4. Inherent detection precision error in the device.
Only the sampling frequency has the unique feature of resulting in loss of information that would tend to "balance the equation". Imagine the following scenario where sample periods are shown (Vertical | is the sample point) and the number of G's detected along a single axis:
S1___|___S2___|___S3___|___S4___|___S5___|___S6___|___S7___|___S8___|___S9___|___S10__|
_____1________2_______-1_______-1_______-1___________-1____1________2_______-2
Notice in this example that the changed in velocity (acceleration) are occurring at each sample period (the | sign) except for one between sample 6 and sample 7. If you sum up the detected samples you get: 1+2-1-1-1+1+2-2 == 1. In this example we took an object starting at rest and moved it along a single axis pulling those G's at those points in time. By the time you get to S10 the object is at rest again. However, our program will think overall it is being affected by 1G of acceleration. So its velocity is seen as 1 m/s. The problem of course is that it is not moving and we have a detection error because we never saw the sample at S6.5 of -1. So lets say we double the sample frequency - well, that will cover this example and the velocity will now be seen as zero at the end of the test.
However, if you keep shifting when that -1 appears in the timeline there is the possibility it could be missed - and if its missed, the calculations will show that its moving - when it is not (causing drift).
Now, the reality is that changed in acceleration do not happen in an instant. Meaning that we didn't really go from 0 G's to 1 G exactly at that sample period. It is more likely that it ramped up during that period. So when we want to determine the influence on velocity we take our observations and assume that the acceleration measured held over that entire sample period.
Now, if we were dealing with huge forces this problem could be significant because it could be conceivable that you could miss a large increase, then decrease in velocity during period and completely miss the change in position during that change. In our practical application though the sudden changes are limited by a persons physical movement constraints - which perhaps can be measured. However, you'll always have error. Take the following example.
An accelerometer is strapped to your hand and you punch a wall as hard as you can. The acceleration increases to a maximum a human can achieve and then suddenly decelerates at a rate that a human could not achieve - due to the blocking wall.

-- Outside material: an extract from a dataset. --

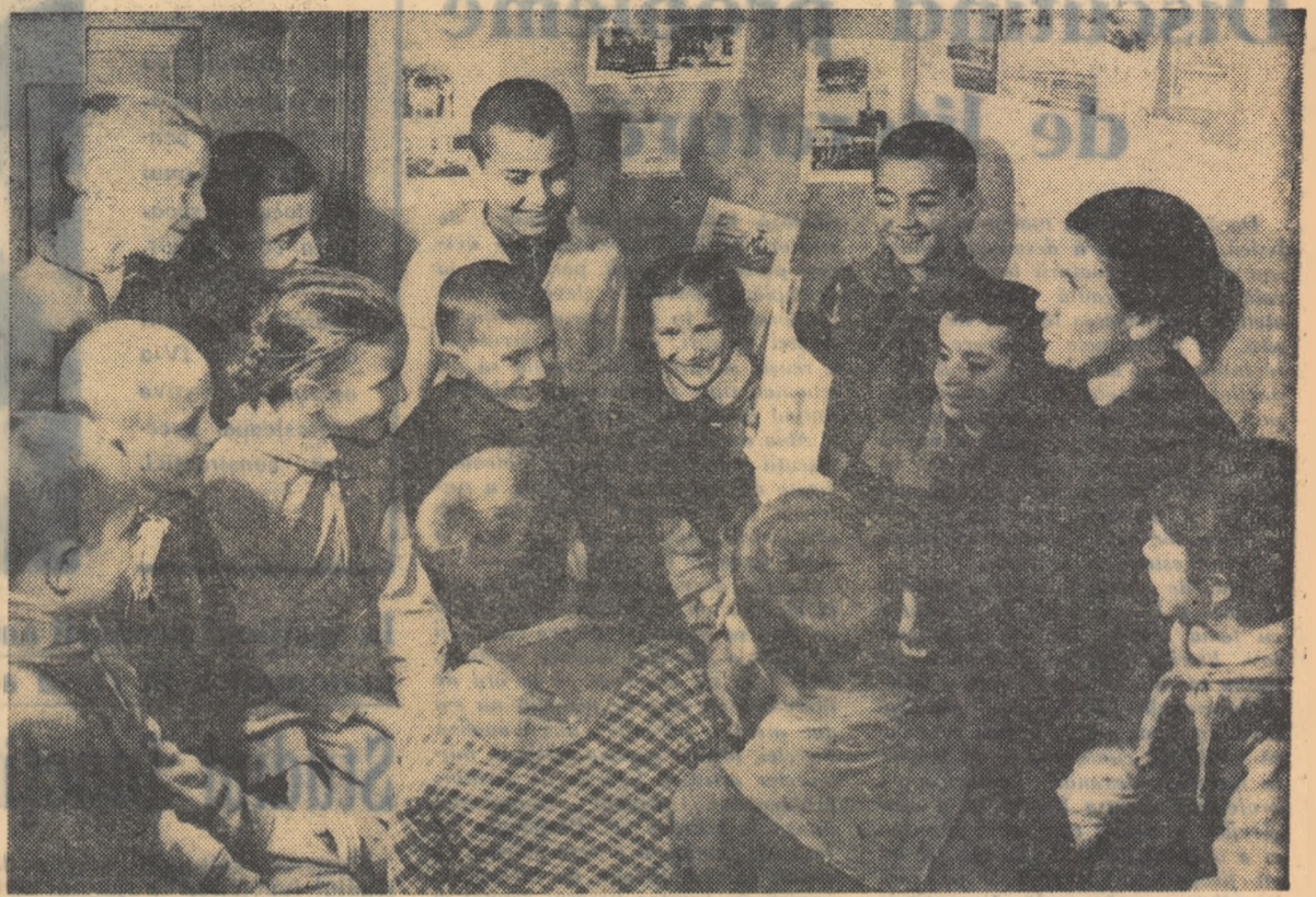
În numeroasele acțiuni și manifestări pe care le întreprinde, căminul din Ocnița, raionul Rîmnicul Vilcea, vădește o deosebită preocupare pentru copii. Foarte apreciate de școlarii de vîrstă mică sînt după amiezele în care învățătorii lor le citească basme.

That deceleration occurred during a brief period of time that is unlikely to be captured by any sampling device - at least a way that results in balanced measurements. Any recording program will think the hand continued to move right through the wall - albeit at a slowish velocity.

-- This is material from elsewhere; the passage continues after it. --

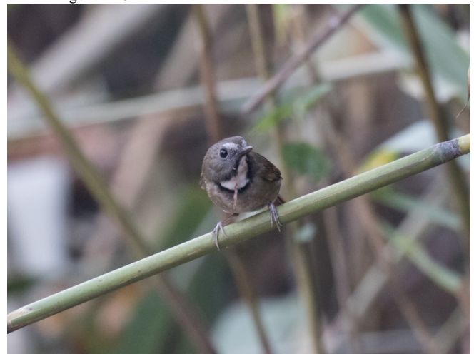
Prydfluesnapper, Doi Lang vest

Prydfluesnapper Anthipes monileger (White-gorgeted Flycatcher) 3 Doi Lang vest 23/02 1 Doi Lang øst 24/02

Ok - so how do we correct for the lack of information? In our last example it would have helped to know that the wall was there blocking movement in that direction. We could have set that velocity vector to zero eliminating the drift.
However, a free moving object with no obstacles presents challenges.
In our use however, we cannot say that the acceleration is free moving in all directions. In fact by our own definition it is tethered to a person's hand and therefore to their body which tends to be anchored in a general area of space. If you draw an imaginary line between the origin and the AM like we do in the model and then say the AM moved, we then draw a new line and determine the angles (ascension/declination). However, we don't currently restrict where its allowed to move to - but we could. Since its tethered we can say that the original point is on the surface of a sphere and that its only choice is to move tangentially along the surface. So at a minimum we could eliminate drift that would result in the point moving away from the sphere - which currently is the biggest contributor to lack of sensitivity to movement (the further away the point gets, the less small changes in position affect measured angles).
So the challenge is figuring out how we remove bad components of velocity when recalculating for each sample period.